Боги продают все по честной цене, заметил древний поэт. Он мог бы добавить, что лучшее они продают по самой низкой цене. То, что действительно полезно, — дешево, только лишнее стоит больших денег. То, что по-настоящему прекрасно, бессмертные боги вообще не продают нам, но дарят безвозмездно. Мы бесплатно любуемся утренней и вечерней зарей, плывущими по небу облаками, раздольем полей, лесами и чудесным морем. Птицы поют нам даром, и мы бесплатно срываем полевые цветы у дороги и входим в сверкающий звездами зал Ночи. Бедняк спит крепче богача. Простая еда не надоедает, как изысканные блюда в дорогих ресторанах. Деревенская хижина — более надежный приют для душевного мира и спокойствия, чем роскошный дворец. Два-три друга, немного, очень немного книг и собака — вот все, что нужно человеку, пока у него есть он сам. Но жить следует в деревне. Первый город был придуман дьяволом, потому-то бог и разрушил Вавилонскую башню.
А вы когда-нибудь видели дьявола? Я видел. Он стоял на башне Нотр-Дам, положив локти на парапет. Его крылья были сложены, лицо с запавшими щеками опиралось на ладони. Из гнусных губ торчал высунутый язык.

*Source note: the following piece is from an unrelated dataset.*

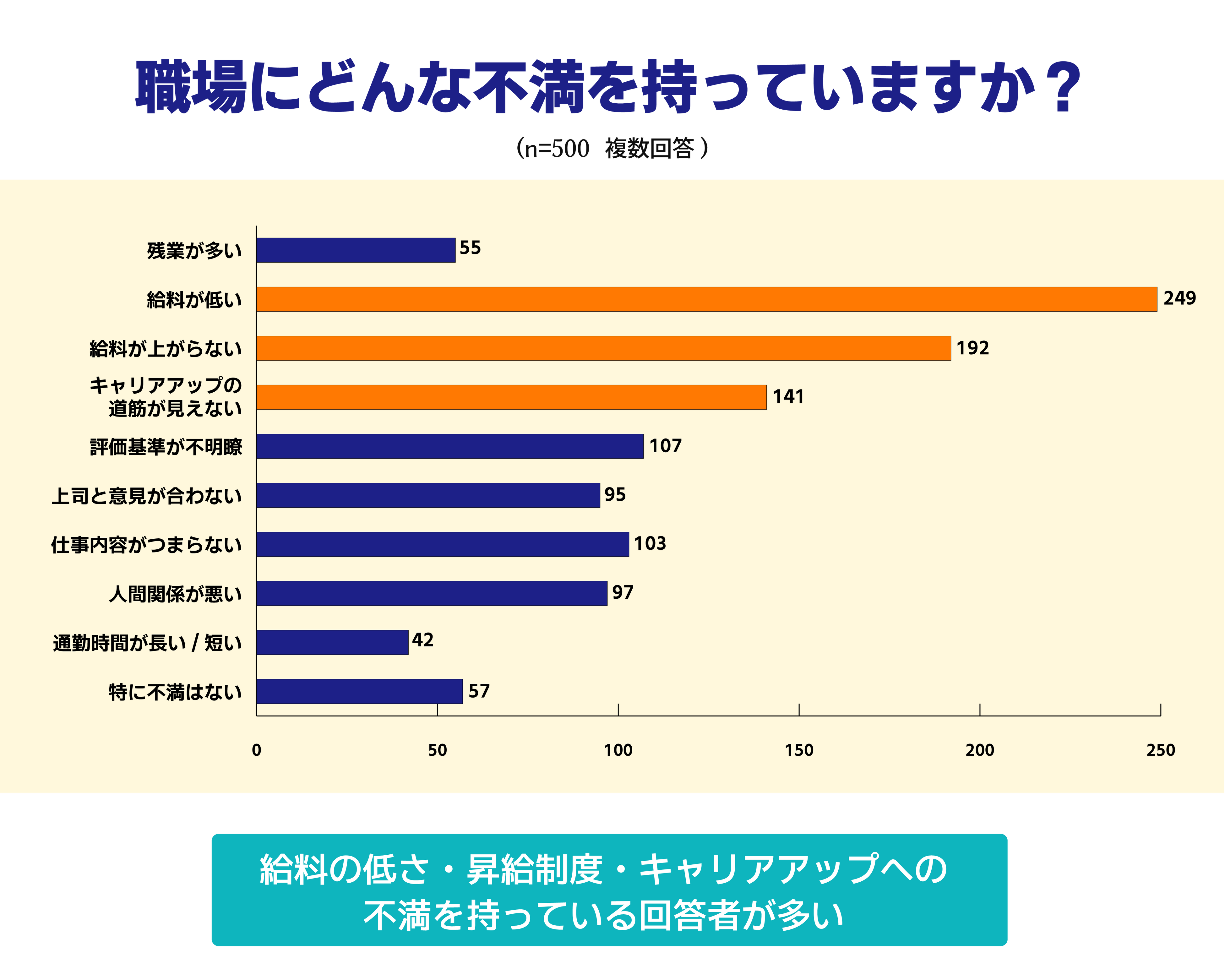 具体的な不満の内容として特に多かったのは「給料が低い」(249人)、「給料が上がらない」(192人)、「キャリアアップの道筋が見えない」(141人)。
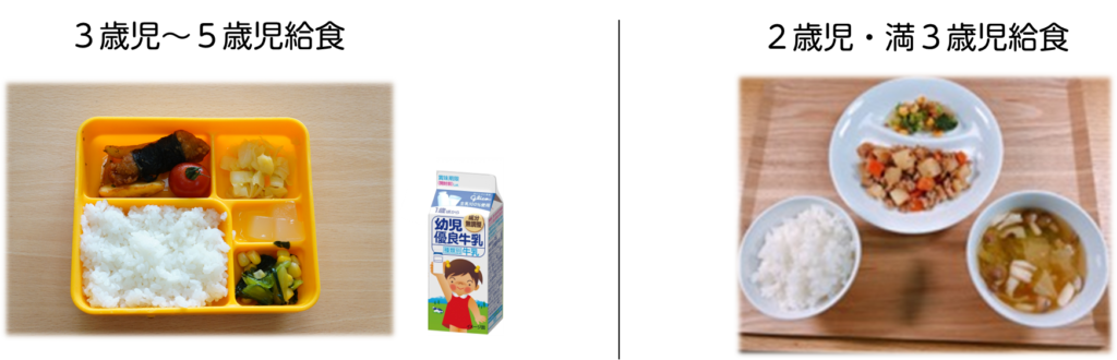 毎日、自園で調理したごはん付きの給食が出ます。

Серьезно и задумчиво глядел он на расстилавшийся у его ног Париж. Застывший в неподвижности, словно высеченный из камня, стоит он там почти тысячу лет, злорадно любуясь избранным им городом, не в силах отвести от него взора. Неужели это тот извечный враг, чье имя приводило меня в трепет с детских лет, могучий поборник всего дурного в схватке между добром и злом?
Я посмотрел на него с удивлением. Он выглядел далеко не таким воплощением зла, как я себе его представлял. Мне доводилось видеть лица и похуже. Его каменные глаза не таили торжества, он казался старым и уставшим — уставшим от своих легких побед и от своего ада. Бедный старик Вельзевул! Быть может, в конечном счете вовсе не ты виновник того что в нашем мире что-то идет не так. Ведь не ты дал жизнь нашему миру, не ты послал людям страдания и смерть. Ты родился с крыльями, а не с когтями, и в дьявола превратил тебя бог, он низверг тебя в ад и назначил сторожем проклятых им душ. Несомненно, ты не простоял бы на крыше Нотр-Дам тысячу лет под дождем и ветром, если бы твои обязанности доставляли тебе удовольствие. Не легко быть дьяволом тому, кто родился крылатым, я в этом уверен.
Князь Тьмы, почему бы тебе не погасить огонь в своем подземном царстве и не поселиться среди нас в большом городе (деревни, поверь мне, не для тебя) — не стать богатым рантье, которому нечего делать, кроме как есть, пить и копить деньги? Ну, а если ты во что бы то ни стало хочешь приумножить свои капиталы, так почему бы тебе не попробовать свои силы на новом приятном поприще — не открыть еще один игорный притон в Монте-Карло или публичный дом в Париже, не стать ростовщиком или владельцем бродячего зверинца, морящим голодом беззащитных зверей в железных клетках? А если тебе хочется переменить климат, так почему бы тебе не уехать в Германию и не открыть там еще одни завод отравляющих газов? Кто, как не ты, руководил их слепым налетом на Неаполь и направил полет зажигательной бомбы на богадельню «сестриц бедняков»? Но дозволено ли мне будет в награду за столько советов задать тебе один вопрос? Зачем ты высовываешь язык? Не знаю, как на это смотрят в аду, но у нас на земле это считается знаком насмешки или презрения. Прошу простить меня, владыка, но кому ты все время показываешь язык?..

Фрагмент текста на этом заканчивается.